Directions = Copy the lines below exactly, starting at the one with "18歲意外失去右臂,不向命運" and ending at the one with "新潟県人の橙々(だいだい)さ", and leave out any picture.

Input data =

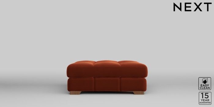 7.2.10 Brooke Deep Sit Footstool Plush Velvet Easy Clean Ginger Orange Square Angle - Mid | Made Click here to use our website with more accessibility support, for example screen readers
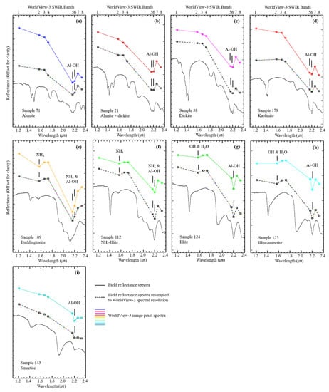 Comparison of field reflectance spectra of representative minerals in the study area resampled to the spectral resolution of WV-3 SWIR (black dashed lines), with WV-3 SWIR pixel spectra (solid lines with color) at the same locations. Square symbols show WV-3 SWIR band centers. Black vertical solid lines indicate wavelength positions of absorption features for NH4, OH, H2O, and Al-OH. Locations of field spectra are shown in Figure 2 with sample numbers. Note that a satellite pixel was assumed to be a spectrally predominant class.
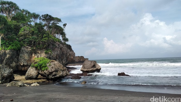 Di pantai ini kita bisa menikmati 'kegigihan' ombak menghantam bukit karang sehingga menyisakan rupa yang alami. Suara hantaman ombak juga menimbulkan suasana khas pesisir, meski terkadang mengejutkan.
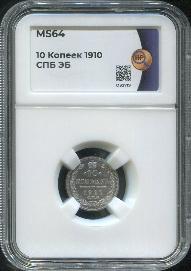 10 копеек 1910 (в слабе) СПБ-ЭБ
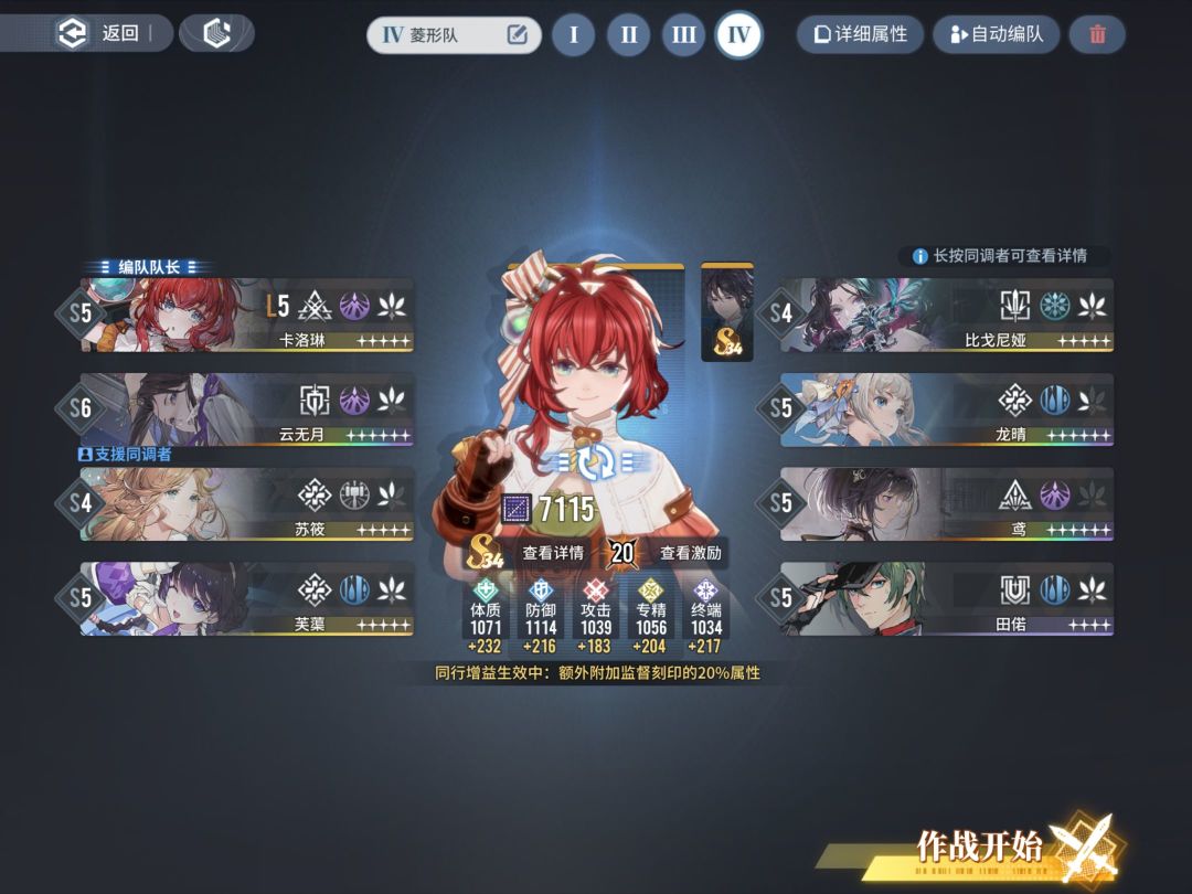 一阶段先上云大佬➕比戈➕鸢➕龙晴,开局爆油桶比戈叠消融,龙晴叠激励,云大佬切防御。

* * *

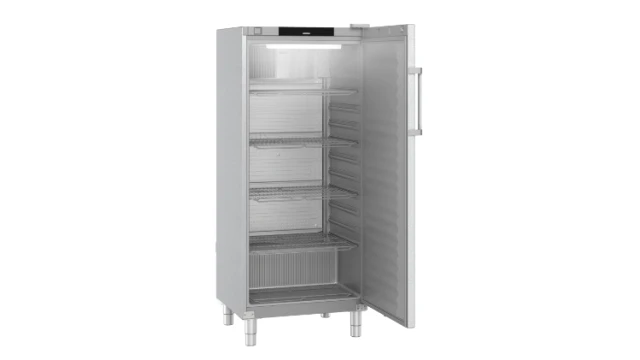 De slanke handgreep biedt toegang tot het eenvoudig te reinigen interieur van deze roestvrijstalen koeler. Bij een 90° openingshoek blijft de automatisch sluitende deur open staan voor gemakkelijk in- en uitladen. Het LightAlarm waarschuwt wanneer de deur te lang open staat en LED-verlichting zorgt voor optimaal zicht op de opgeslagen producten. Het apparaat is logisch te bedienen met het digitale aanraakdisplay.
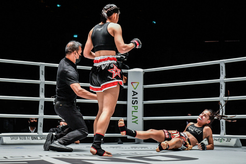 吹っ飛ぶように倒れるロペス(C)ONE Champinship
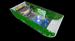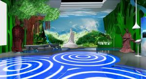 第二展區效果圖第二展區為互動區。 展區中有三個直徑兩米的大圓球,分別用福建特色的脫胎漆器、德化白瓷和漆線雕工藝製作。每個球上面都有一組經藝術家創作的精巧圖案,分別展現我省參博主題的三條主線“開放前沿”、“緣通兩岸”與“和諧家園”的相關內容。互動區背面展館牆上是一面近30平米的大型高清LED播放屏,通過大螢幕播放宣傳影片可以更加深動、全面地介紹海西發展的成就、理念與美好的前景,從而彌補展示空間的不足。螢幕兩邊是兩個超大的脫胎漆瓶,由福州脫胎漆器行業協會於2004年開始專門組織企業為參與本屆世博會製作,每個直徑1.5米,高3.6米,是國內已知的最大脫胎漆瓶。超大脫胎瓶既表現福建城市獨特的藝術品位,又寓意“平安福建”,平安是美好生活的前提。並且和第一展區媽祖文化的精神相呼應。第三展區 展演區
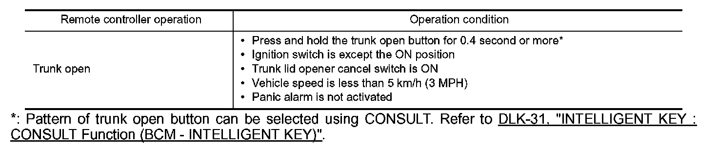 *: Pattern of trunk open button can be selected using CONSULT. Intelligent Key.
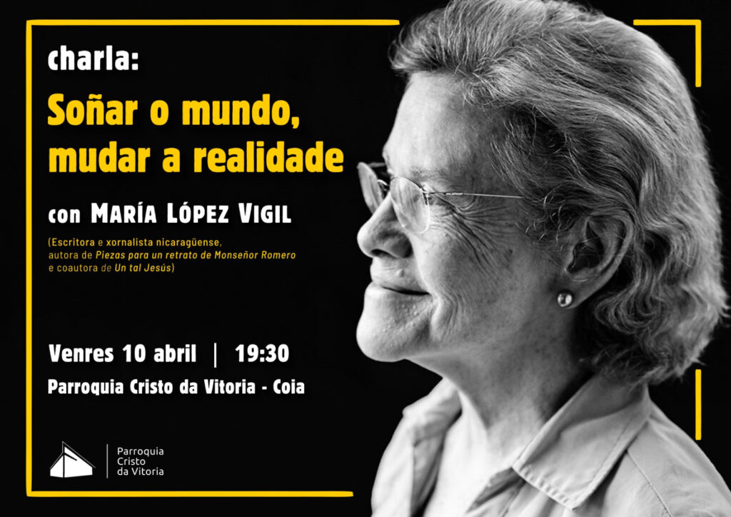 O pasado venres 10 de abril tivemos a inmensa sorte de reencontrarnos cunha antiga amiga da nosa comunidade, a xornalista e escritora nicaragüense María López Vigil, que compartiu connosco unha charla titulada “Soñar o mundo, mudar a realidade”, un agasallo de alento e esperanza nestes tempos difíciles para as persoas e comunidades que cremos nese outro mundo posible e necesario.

--

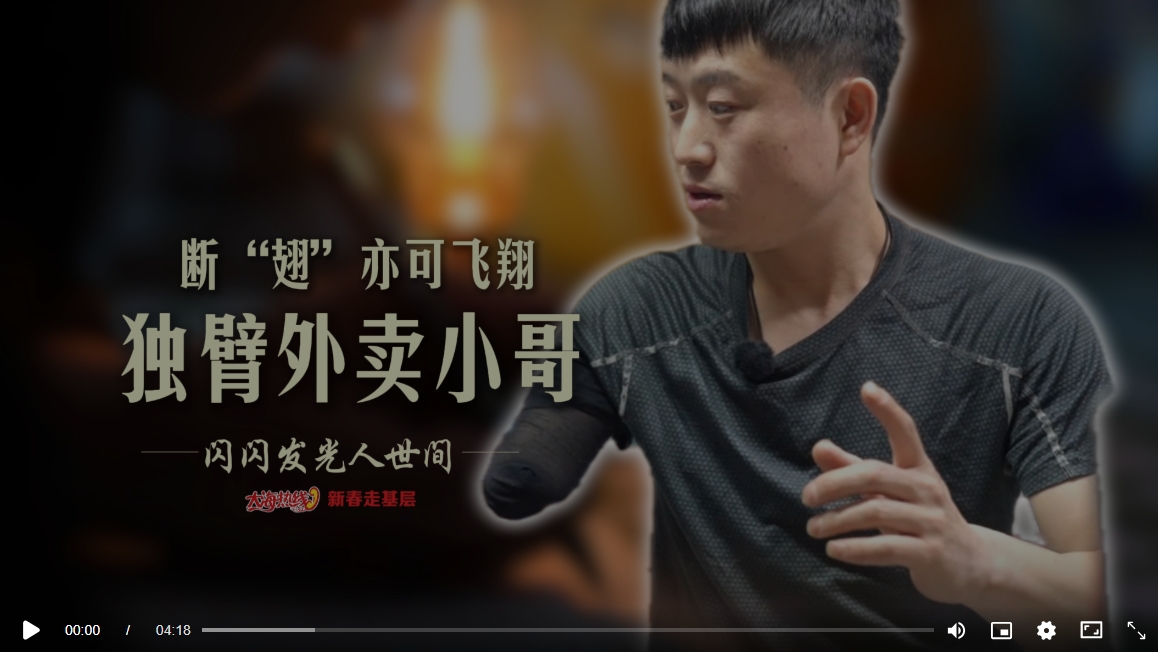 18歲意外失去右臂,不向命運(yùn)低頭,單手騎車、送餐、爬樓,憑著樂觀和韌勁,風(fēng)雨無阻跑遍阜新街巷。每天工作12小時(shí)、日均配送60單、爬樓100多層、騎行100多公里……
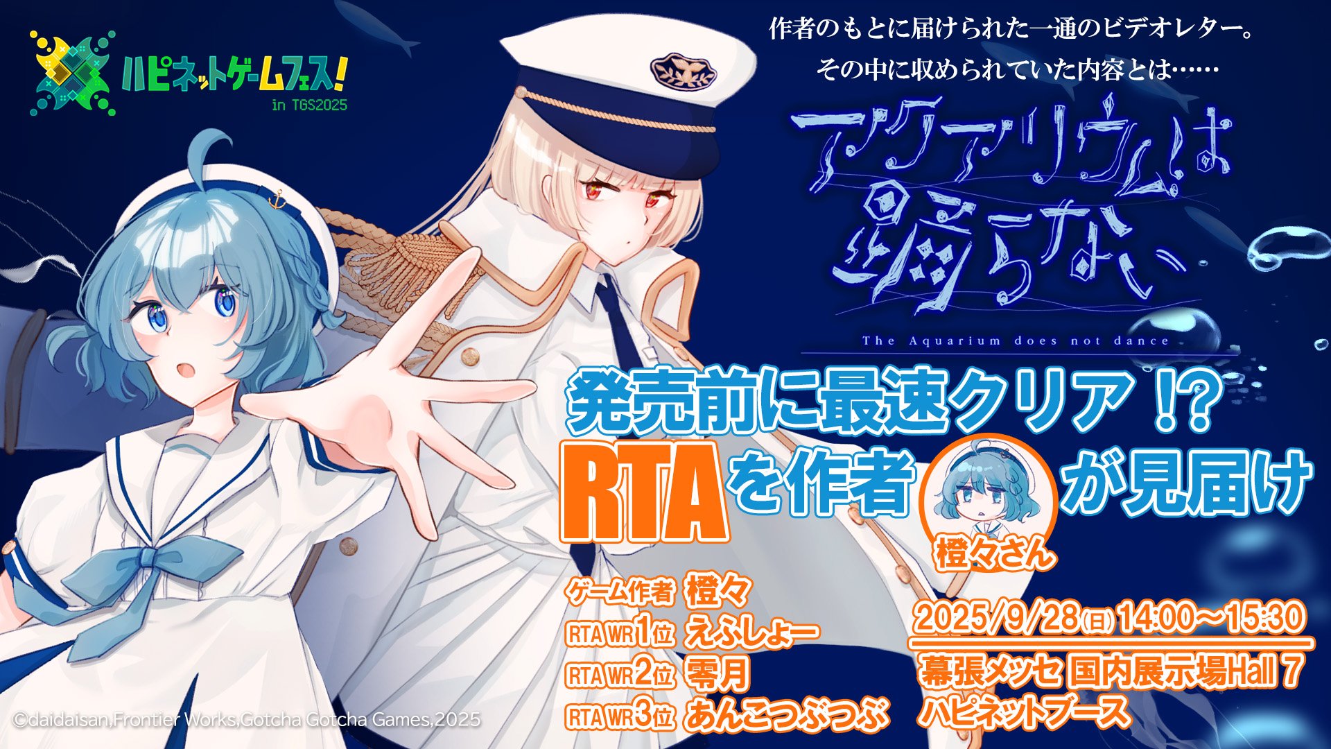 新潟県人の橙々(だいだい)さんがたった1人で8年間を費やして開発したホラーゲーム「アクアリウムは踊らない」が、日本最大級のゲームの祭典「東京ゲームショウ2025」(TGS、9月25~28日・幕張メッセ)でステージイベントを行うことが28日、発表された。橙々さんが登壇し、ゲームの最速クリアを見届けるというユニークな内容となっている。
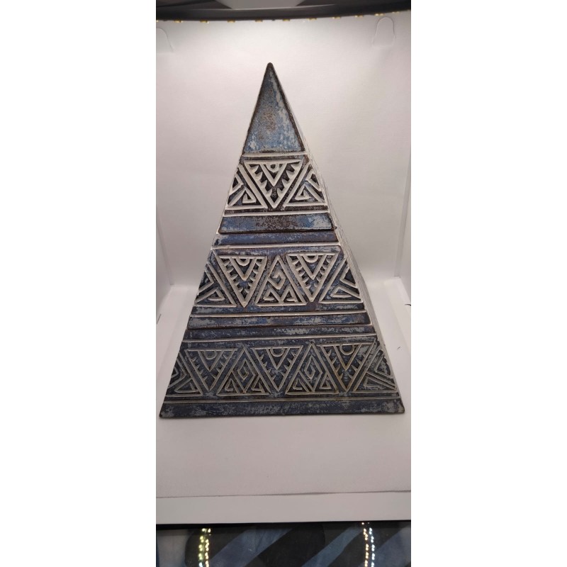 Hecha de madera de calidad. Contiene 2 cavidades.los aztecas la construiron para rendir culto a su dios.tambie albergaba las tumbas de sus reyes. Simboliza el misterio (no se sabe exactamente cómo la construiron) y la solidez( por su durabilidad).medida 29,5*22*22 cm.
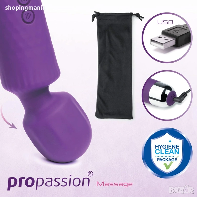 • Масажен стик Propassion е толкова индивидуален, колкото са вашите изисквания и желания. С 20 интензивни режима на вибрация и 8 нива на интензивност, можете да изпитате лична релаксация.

Response below =
 18歲意外失去右臂,不向命運(yùn)低頭,單手騎車、送餐、爬樓,憑著樂觀和韌勁,風(fēng)雨無阻跑遍阜新街巷。每天工作12小時(shí)、日均配送60單、爬樓100多層、騎行100多公里……
 新潟県人の橙々(だいだい)さんがたった1人で8年間を費やして開発したホラーゲーム「アクアリウムは踊らない」が、日本最大級のゲームの祭典「東京ゲームショウ2025」(TGS、9月25~28日・幕張メッセ)でステージイベントを行うことが28日、発表された。橙々さんが登壇し、ゲームの最速クリアを見届けるというユニークな内容となっている。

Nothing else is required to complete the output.